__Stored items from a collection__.

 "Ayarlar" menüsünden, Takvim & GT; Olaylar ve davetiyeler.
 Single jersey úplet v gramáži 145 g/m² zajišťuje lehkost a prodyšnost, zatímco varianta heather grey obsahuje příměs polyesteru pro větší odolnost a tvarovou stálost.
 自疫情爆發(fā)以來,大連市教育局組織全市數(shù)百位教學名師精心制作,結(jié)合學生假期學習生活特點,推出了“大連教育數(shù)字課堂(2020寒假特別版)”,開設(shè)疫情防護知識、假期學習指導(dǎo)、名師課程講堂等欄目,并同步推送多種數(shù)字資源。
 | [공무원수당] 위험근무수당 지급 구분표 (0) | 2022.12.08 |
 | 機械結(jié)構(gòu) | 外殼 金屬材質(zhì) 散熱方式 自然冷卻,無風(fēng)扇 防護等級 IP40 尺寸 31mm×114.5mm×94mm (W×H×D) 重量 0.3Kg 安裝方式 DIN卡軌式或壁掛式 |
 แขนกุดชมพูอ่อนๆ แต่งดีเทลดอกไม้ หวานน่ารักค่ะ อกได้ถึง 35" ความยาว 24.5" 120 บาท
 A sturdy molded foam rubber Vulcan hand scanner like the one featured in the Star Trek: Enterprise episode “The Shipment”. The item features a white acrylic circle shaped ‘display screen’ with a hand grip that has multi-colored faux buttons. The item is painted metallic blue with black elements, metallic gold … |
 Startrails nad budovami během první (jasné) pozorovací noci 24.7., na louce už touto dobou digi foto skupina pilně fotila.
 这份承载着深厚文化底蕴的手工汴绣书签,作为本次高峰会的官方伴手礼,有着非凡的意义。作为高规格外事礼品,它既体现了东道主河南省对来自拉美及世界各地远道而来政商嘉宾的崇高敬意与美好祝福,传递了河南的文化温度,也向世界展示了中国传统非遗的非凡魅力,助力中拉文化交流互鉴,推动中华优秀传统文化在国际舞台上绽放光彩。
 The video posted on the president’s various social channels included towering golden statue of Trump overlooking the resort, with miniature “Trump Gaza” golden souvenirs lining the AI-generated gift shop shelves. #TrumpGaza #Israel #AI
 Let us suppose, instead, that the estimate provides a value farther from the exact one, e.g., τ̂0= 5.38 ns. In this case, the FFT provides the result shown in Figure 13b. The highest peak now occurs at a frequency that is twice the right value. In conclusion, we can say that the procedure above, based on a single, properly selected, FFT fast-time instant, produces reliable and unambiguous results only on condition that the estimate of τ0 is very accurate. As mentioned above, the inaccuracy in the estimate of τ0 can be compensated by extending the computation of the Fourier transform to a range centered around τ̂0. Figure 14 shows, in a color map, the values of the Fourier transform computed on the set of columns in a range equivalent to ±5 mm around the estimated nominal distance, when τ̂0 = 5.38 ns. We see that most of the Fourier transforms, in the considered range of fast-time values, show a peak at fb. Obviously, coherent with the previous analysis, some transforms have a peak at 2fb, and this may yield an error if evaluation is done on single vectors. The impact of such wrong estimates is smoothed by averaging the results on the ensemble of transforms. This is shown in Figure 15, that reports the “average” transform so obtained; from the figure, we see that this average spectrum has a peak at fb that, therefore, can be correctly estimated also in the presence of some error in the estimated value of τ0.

__Activity__. Retype all the data, keeping every character the same.

__Expected output__.
 "Ayarlar" menüsünden, Takvim & GT; Olaylar ve davetiyeler.
 Single jersey úplet v gramáži 145 g/m² zajišťuje lehkost a prodyšnost, zatímco varianta heather grey obsahuje příměs polyesteru pro větší odolnost a tvarovou stálost.
 自疫情爆發(fā)以來,大連市教育局組織全市數(shù)百位教學名師精心制作,結(jié)合學生假期學習生活特點,推出了“大連教育數(shù)字課堂(2020寒假特別版)”,開設(shè)疫情防護知識、假期學習指導(dǎo)、名師課程講堂等欄目,并同步推送多種數(shù)字資源。
 | [공무원수당] 위험근무수당 지급 구분표 (0) | 2022.12.08 |
 | 機械結(jié)構(gòu) | 外殼 金屬材質(zhì) 散熱方式 自然冷卻,無風(fēng)扇 防護等級 IP40 尺寸 31mm×114.5mm×94mm (W×H×D) 重量 0.3Kg 安裝方式 DIN卡軌式或壁掛式 |
 แขนกุดชมพูอ่อนๆ แต่งดีเทลดอกไม้ หวานน่ารักค่ะ อกได้ถึง 35" ความยาว 24.5" 120 บาท
 A sturdy molded foam rubber Vulcan hand scanner like the one featured in the Star Trek: Enterprise episode “The Shipment”. The item features a white acrylic circle shaped ‘display screen’ with a hand grip that has multi-colored faux buttons. The item is painted metallic blue with black elements, metallic gold … |
 Startrails nad budovami během první (jasné) pozorovací noci 24.7., na louce už touto dobou digi foto skupina pilně fotila.
 这份承载着深厚文化底蕴的手工汴绣书签,作为本次高峰会的官方伴手礼,有着非凡的意义。作为高规格外事礼品,它既体现了东道主河南省对来自拉美及世界各地远道而来政商嘉宾的崇高敬意与美好祝福,传递了河南的文化温度,也向世界展示了中国传统非遗的非凡魅力,助力中拉文化交流互鉴,推动中华优秀传统文化在国际舞台上绽放光彩。
 The video posted on the president’s various social channels included towering golden statue of Trump overlooking the resort, with miniature “Trump Gaza” golden souvenirs lining the AI-generated gift shop shelves. #TrumpGaza #Israel #AI
 Let us suppose, instead, that the estimate provides a value farther from the exact one, e.g., τ̂0= 5.38 ns. In this case, the FFT provides the result shown in Figure 13b. The highest peak now occurs at a frequency that is twice the right value. In conclusion, we can say that the procedure above, based on a single, properly selected, FFT fast-time instant, produces reliable and unambiguous results only on condition that the estimate of τ0 is very accurate. As mentioned above, the inaccuracy in the estimate of τ0 can be compensated by extending the computation of the Fourier transform to a range centered around τ̂0. Figure 14 shows, in a color map, the values of the Fourier transform computed on the set of columns in a range equivalent to ±5 mm around the estimated nominal distance, when τ̂0 = 5.38 ns. We see that most of the Fourier transforms, in the considered range of fast-time values, show a peak at fb. Obviously, coherent with the previous analysis, some transforms have a peak at 2fb, and this may yield an error if evaluation is done on single vectors. The impact of such wrong estimates is smoothed by averaging the results on the ensemble of transforms. This is shown in Figure 15, that reports the “average” transform so obtained; from the figure, we see that this average spectrum has a peak at fb that, therefore, can be correctly estimated also in the presence of some error in the estimated value of τ0.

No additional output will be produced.